I don’t know about you but that dialogue feels awkward. And not purposefully awkward. Just awkward. The stuff about the root beer at the end is random. It doesn’t seem to have a point. And the early Pepsi challenge takes up a lot of time and doesn’t have a payoff. When you’re exchanging dialogue, especially early on when we don’t know your characters yet, you want to use that dialogue to teach us about your characters.

Take The Equalizer, which I review in this week’s newsletter (which you can sign up for here). In one of the early scenes, the main character is talking to a woman at the diner (so a similar location). The conversation centers around the book our hero is reading (The Old Man And The Sea). This tells us a little about our character. He reads old books. Which leads to the question: WHY does he read old books? We want to find out so we keep reading. The point is, we’re learning about the character through his exchange with someone else. I’m not sure we learn anything about these two characters in this conversation.

I think that’s something a lot of young writers don’t know. When you write dialogue, you’re either trying to reveal story or reveal character. It may seem to the audience that the conversation is casual. But what they don’t know is that you’re secretly passing along key information to them through the characters’ “casual” exchange.

Another thing that bothered me here were the flashbacks. I wasn’t sure what the point of them was. They pretty much kept telling us the same thing over and over again – that Johnny was in the nuthouse. That meant each subsequent flashback was extraneous. It was information I already knew. If there was an evolving storyline to these flashbacks, a mystery we wanted answered (aka, Johnny wakes up in a cell with a stabbed cell mate – and each scene gets us closer to why that happened), I would’ve been fine with them. But they didn’t evolve, leaving me to wonder what their purpose was.

With those things said, there were some interesting things going on in Emma. I thought some of the characters were pretty well drawn. Well-drawn characters typically evolve from well thought-through backstories. And this whole backstory where Chuck was burned during his electrician job and won a multi-million dollar lawsuit against his company – that was admirably constructed.

I also thought the mystery behind Emma was strong. How Johnny would see her with plastic wrapped around her face and body. That was creepy. And while the reveal for how she ended up that way wasn’t perfect, it wasn’t bad either.

Here’s where we run into a problem though. You have a haunted house script titled, “Emma,” and it really isn’t about Emma. It seems to be more about Johnny running away and hiding in this town. The Emma storyline is more of a subplot. If I were Chris, I’d give Emma a much bigger role. This movie has to be about her. I’d also create more of a conspiracy around her death. Possibly expand the amount of people inside the town who know what happened, and then place Johnny around more of those people. I didn’t like how we basically had two locations in the movie – Chuck and Mary’s house and the diner. It made the script feel too small. Let’s explore this town more, get to know more people, and this will start to feel like a movie.

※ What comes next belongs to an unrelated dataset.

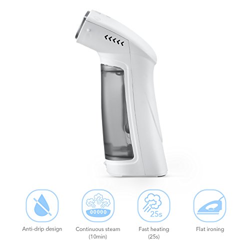 -. Feature : HIGH-PRESSURE STEAM & CONTINUOUS FLOW: Heats up in just 25 seconds and produces high-pressure steam through its 5-hole plate, lasting for around 10 minutes; quickly softens fabrics and removes wrinkles and odors; an essential gadget for students, office workers and anyone who needs a portable steamer / HANDHELD & PORTABLE: Simply plug in and use without an ironing board; light weight and ergonomic design for simple one-handed operation; can easily fit into any item of lage or backpack; great for travel, business trips and more / VERTICAL & HORIZONTAL STEAMING: 304 stainless steel steam plate combines 2-in-1 vertical and horizontal steaming functions; helps you to achieve results as good as a household iron; 850 W operation helps to quickly smooth fabric wrinkles without causing damage, and is even safe for refined fabrics like silk / TOUCH CONTROLLED & LEAKPROOF: Touch control button avoids water and electricity leaks for ultimate safety; runs on an electric water pump; the unit will automatically shut off to protect itself when the water runs out; 3.8 oz water reservoir is large enough for your daily needs, easy to detach and won't leak; transparent design to clearly view water levels / VERSATILE & EFFORTLESS: Includes a brush attachment for a more effective steamer; sanitizes bed linens, clothing, toys, sofas, carpets and drapes; lifts dirt and hair from fabrics; we provide a 90-day returns policy and a 12-month warranty from the date of your purchase

I wouldn’t tell someone NOT to read this script but I probably wouldn’t go around recommending it either. I will say this though. I’d read Chris’ next script for sure. I feel like he’s still learning the craft and will continue to get better. I’d focus on adding more layers to his future stories. This one felt TOO simple. With a little more town exploration – bringing in a few more characters – he might’ve struck gold. I wish him luck.  His voice is unique enough to make me think he’s got a future.

Script link: Emma

[ ] what the hell did I just read?
[x] wasn’t for me
[ ] worth the read
[ ] impressive
[ ] genius

What I learned: Treat character reveals like commercial breaks. When you’re writing mysterious protagonists, you want to give a little info about them in each scene, but also tease a mystery about them for later. If there continue to be mysteries about our hero, we’ll want to keep reading to find out what they are. So in The Equalizer, via that scene I mentioned above, we give the audience a little piece of the protagonist by revealing that he reads old books, but we don’t tell the audience WHY he reads those books yet. We “cut to commercial” and reveal that info later. If you answer all the little mysteries about your character right away, why the hell would we keep reading?